Ich darf zum Schluß sagen, daß weitere Anträge, die wir einzubringen gedenken, insbesondere mit der Atomforschung und mit der Neuregelung des Kindergeldgesetzes zusammenhängen werden. Speziell beim Kindergeldgesetz, Herr Kollege Vogel, handelt es sich ja in diesem Hause um ein sehr heißes Eisen; aber wir werden uns bemühen, meine Damen und Herren, mit diesen Anträgen die dringend notwendigen Entlastungen für den Mittelstand zu erreichen. Ich hoffe, daß wir für die angekündigten Anträge bei der zweiten Lesung Gelegenheit haben, uns über den Erfolg unserer Arbeit nach den verschiedenen Richtungen hin auseinanderzusetzen. Die Deutsche Partei wird bei den Haushaltsberatungen im Sinne meiner Darlegungen mitwirken.

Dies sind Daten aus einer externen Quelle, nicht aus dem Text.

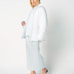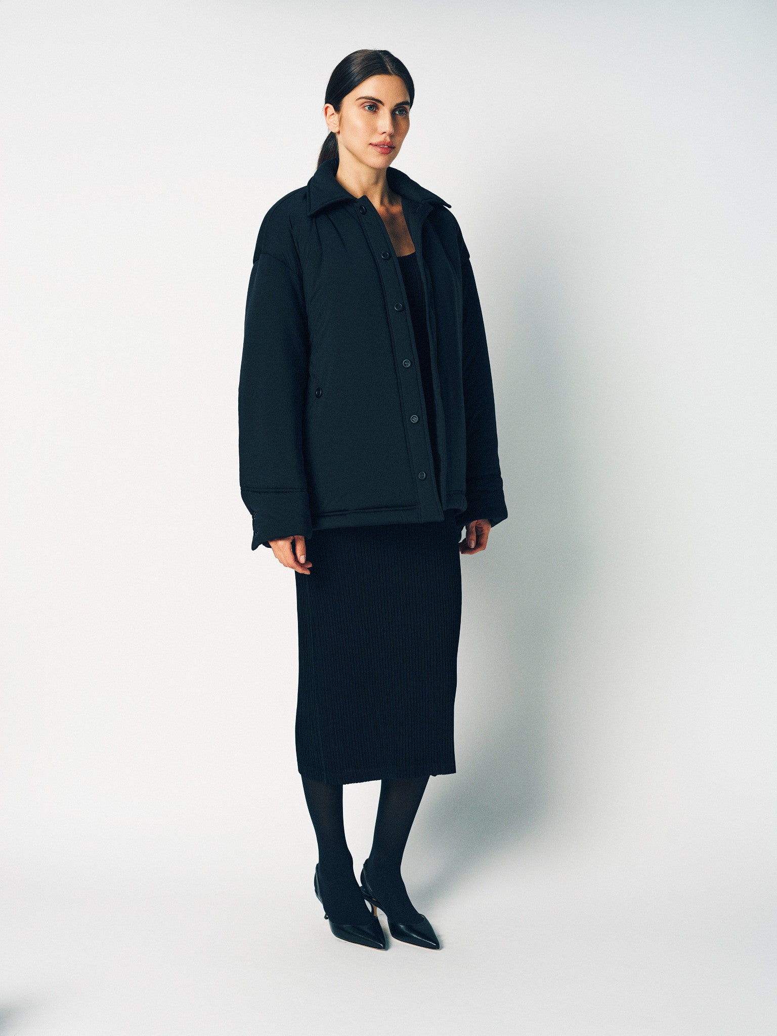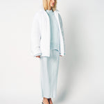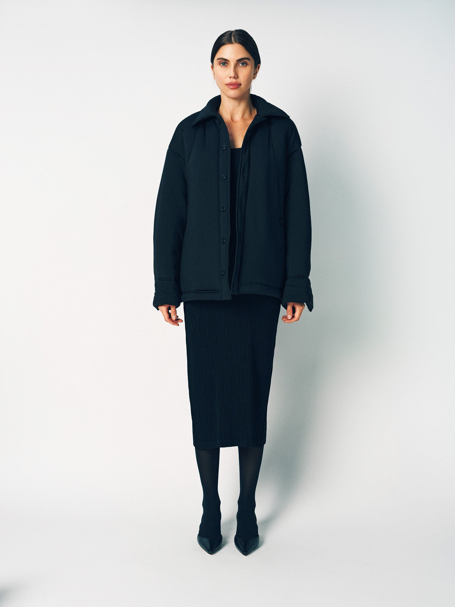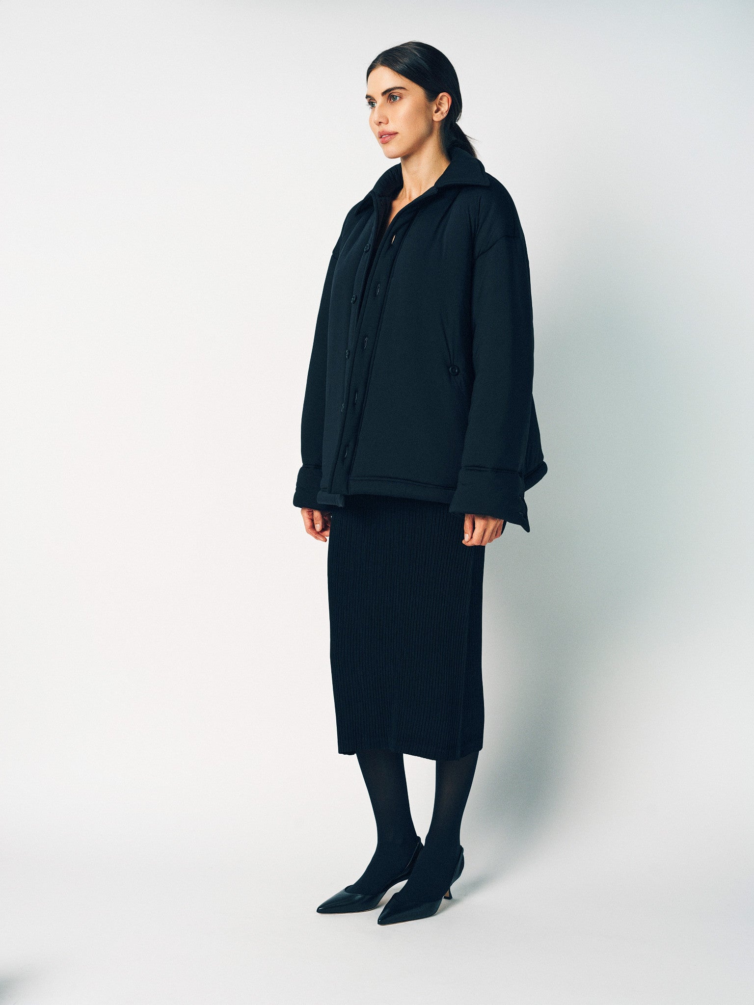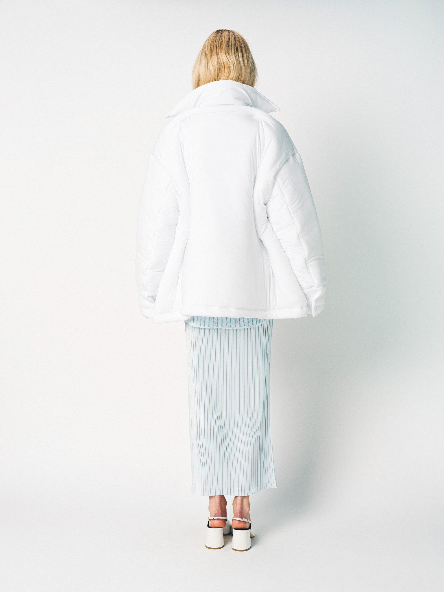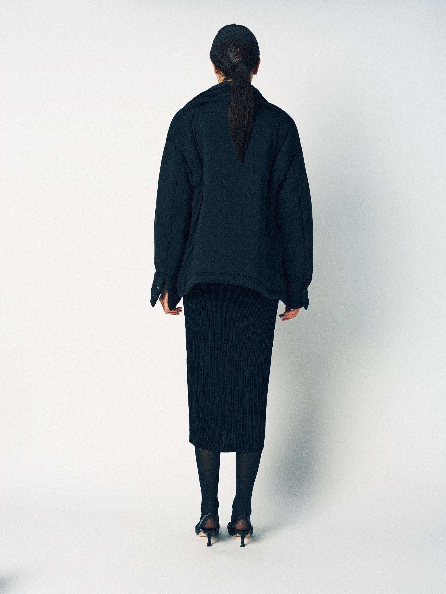 Issey Miyake Pumped T Jacket is part of the Fall 25 Collection. This jacket features inner padding. The unique, billowing form and soft, comfortable feel are achieved by inserting a sheet of padding between layers of ultra-high-density (46-gauge) stretch jersey material. While maintaining a basic silhouette, the added padding gives the jacket a distinctive presence.

(Beifall bei den Regierungsparteien.)


Dr. Richard Jaeger (CSU):
Rede ID: ID0217901200
Das Wort hat der Abgeordnete Dr. Keller.

Dr. Wilfried Keller (GB/BHE):
Rede ID: ID0217901300
Herr Präsident! Meine Damen und Herren! Als vermutlich letztem oder einem der letzten Sprecher gestatten Sie mir in aller Offenheit eine „allgemeine Vorbemerkung", allerdings nicht zum Bundeshaushalt selbst. Alle Vorredner, vor allem die der großen Fraktionen, haben eingangs festgestellt, daß diese Debatte wieder einmal vor leeren Bänken stattfindet. Aber auch die Leere ist offenbar graduell verschieden. Man könnte fast von einem gleichmäßig wachsenden Verhältnis sprechen: je größer der Bundeshaushalt wird, um so leerer wird das Haus. Heute haben wir einen Rekordhaushalt, aber leider offenbar auch einen Rekord in bezug auf die Leere des Hauses. Und unter solchen Umständen will die heute hier gar nicht einmal vertretene Mehrheit dieses Hauses beantragen, die Sitzungen noch über 21 Uhr hinaus auszudehnen. Wenn wir die parlamentarische Arbeit so fortführen wollen, dann kann ich nur sagen: Gute Nacht! In einem Land, das an den Grenzen der Freiheit liegt und das seine parlamentarische Demokratie im Volk verwurzeln sollte, was offenbar da und dort noch notwendig ist, sollte man solche Wege nicht gehen.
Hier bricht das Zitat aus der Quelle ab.